Saturday, September 16, 2006

The Black Dahlia

Though Chicago or New York probably provide the setting for the majority of American noir films, it's really Los Angeles that best embodies the genre's essence. The nation's most glamorous metropolis, and it's youngest, L.A. would intuitively have the most seedy underbelly.

Roman Polanski's Chinatown, in many ways the ultimate L.A. noir, imagines a city famous for its grandiose lies that's built on even larger lies. No matter how devious the imagination of a filmmaker, there's always some true crime in the city's past, some barely-whispered scandal, that plumbs even further depths of humman suffering and cruelty.

Novelist James Ellroy, whose mother was murdered here long ago, has spent the better part of his career fictionalizing the outrageous crimes and shady dealings dotting the history of Los Angeles. The previous major adaptation of his work, Curtis Hanson's modern classic LA Confidential, took Ellroy's at times obsessive cataloguing of the LAPD police blotter and reworked it into an epic indictment of the ugliness behind the shiny, sunny exterior of the motion picture industry and the stars who fueled its image.

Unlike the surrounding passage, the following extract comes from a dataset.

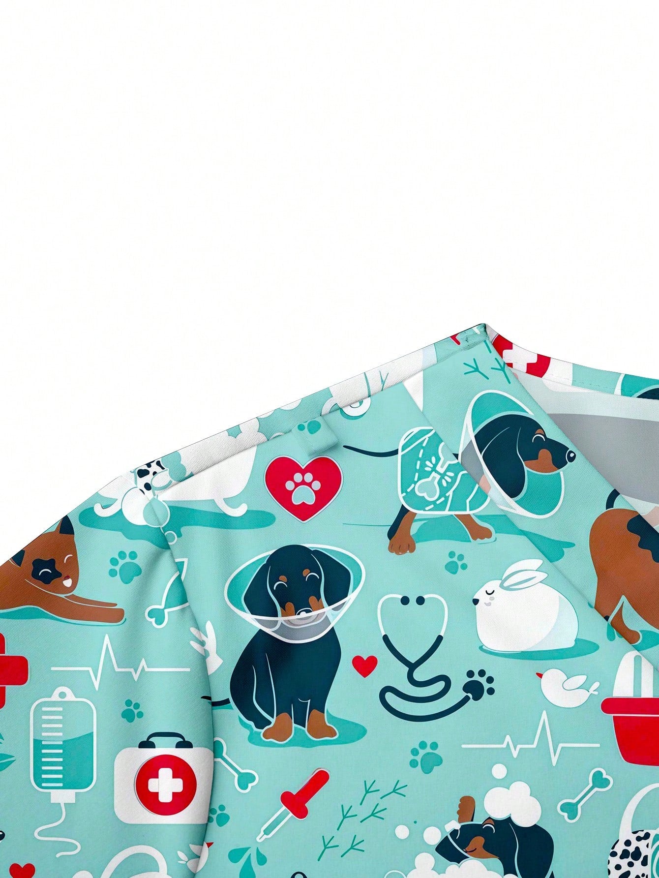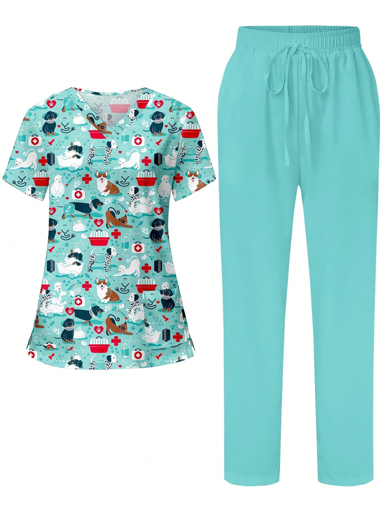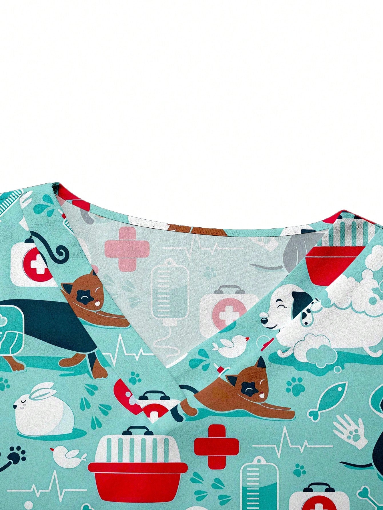 TaskFit Cute Cartoon Animal Print V-Neck Short Sleeve Pocket Uniform Set For Women, Scrubs With Ear Loops & Side Slits

Such movies are built on a rather straightforward contradiction. The world sees Los Angeles as the Movie Capital, and thus ascribes to it all kinds of attractive and exciting qualities, but the truth is that this beauty was created through pain, greed, rape, addiction, perversity and murder. (For another terrific development of this idea, see Who Framed Roger Rabbit, which posits that even cartoons were built on a foundation of treachery and graft.)

One could almost argue that the glamour and the sleaze feed off one another - the grisly murder scenes, buried corpses and stolen wealth wouldn't seem as fascinating if they didn't involve showbiz types, and likewise the fast living, fame and money of Hollywood wouldn't be so exciting without partially-obscured mystery, scandal and danger.

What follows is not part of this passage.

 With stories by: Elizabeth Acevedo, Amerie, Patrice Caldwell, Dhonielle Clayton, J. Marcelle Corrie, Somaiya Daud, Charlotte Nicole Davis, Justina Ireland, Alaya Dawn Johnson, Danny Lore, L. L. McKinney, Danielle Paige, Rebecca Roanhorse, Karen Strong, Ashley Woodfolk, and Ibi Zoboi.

Think Paris Hilton. Without her money, she'd just be another whore. Without her whorishness, she'd just be another dreary, bug-eyed rich girl.

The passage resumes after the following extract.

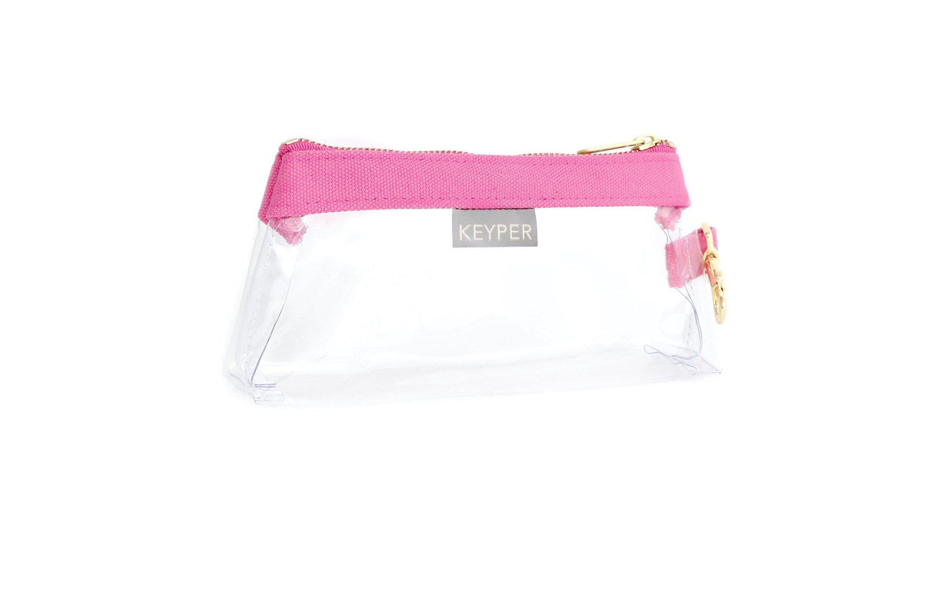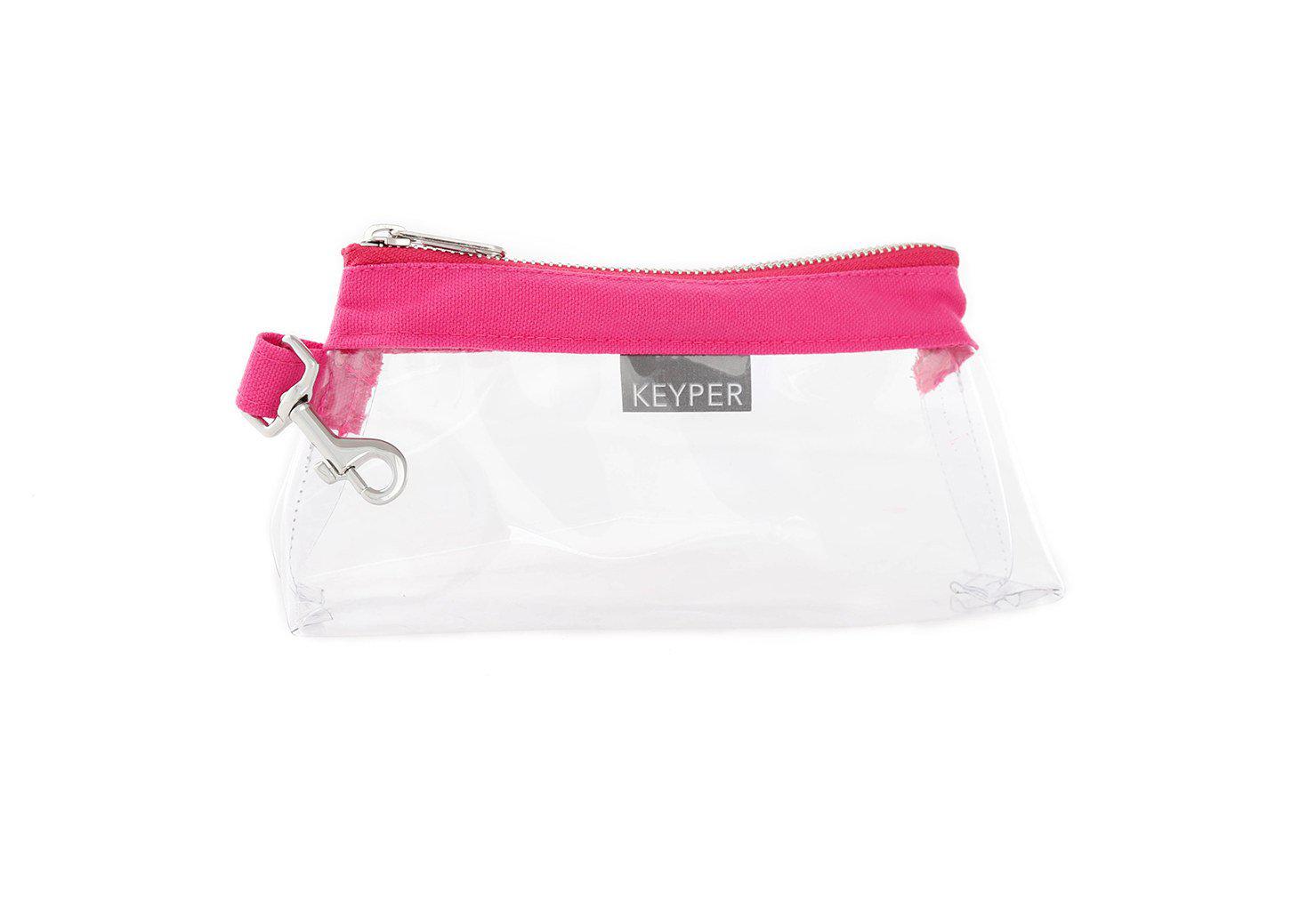 The Canvas Bag clips to the KEYPER® Key Ring Wristlet and can be used as a stand-alone clutch or purse organizer. The MINI Bag fits most phone sizes and has room for your cash, cards and lip gloss. The LUXE Bag and CLEAR Bag have an A-line design that allows extra room for all phone sizes, inhaler, EpiPen, sunglasses and more.  The CLEAR Bag is airport security approved and stadium approved for concerts and sporting events.

Brian De Palma's latest Ellroy adaptation, the stylish and crafty Black Dahlia, departs from Hanson's birds-eye-view of corruption in the City of Angels to tell the L.A. story from a more personal angle. Rather than take in the full scope of '40s L.A., juxtaposing the poor immigrants who built the city with the moguls who run the studios, the hopeful starlets rushing out for screen tests with their unlucky counterparts undressing for johns in fetid motel rooms, De Palma uses the infamous Black Dahlia murder case to convey the experience of being a very small fish in the world's largest, scummiest pond.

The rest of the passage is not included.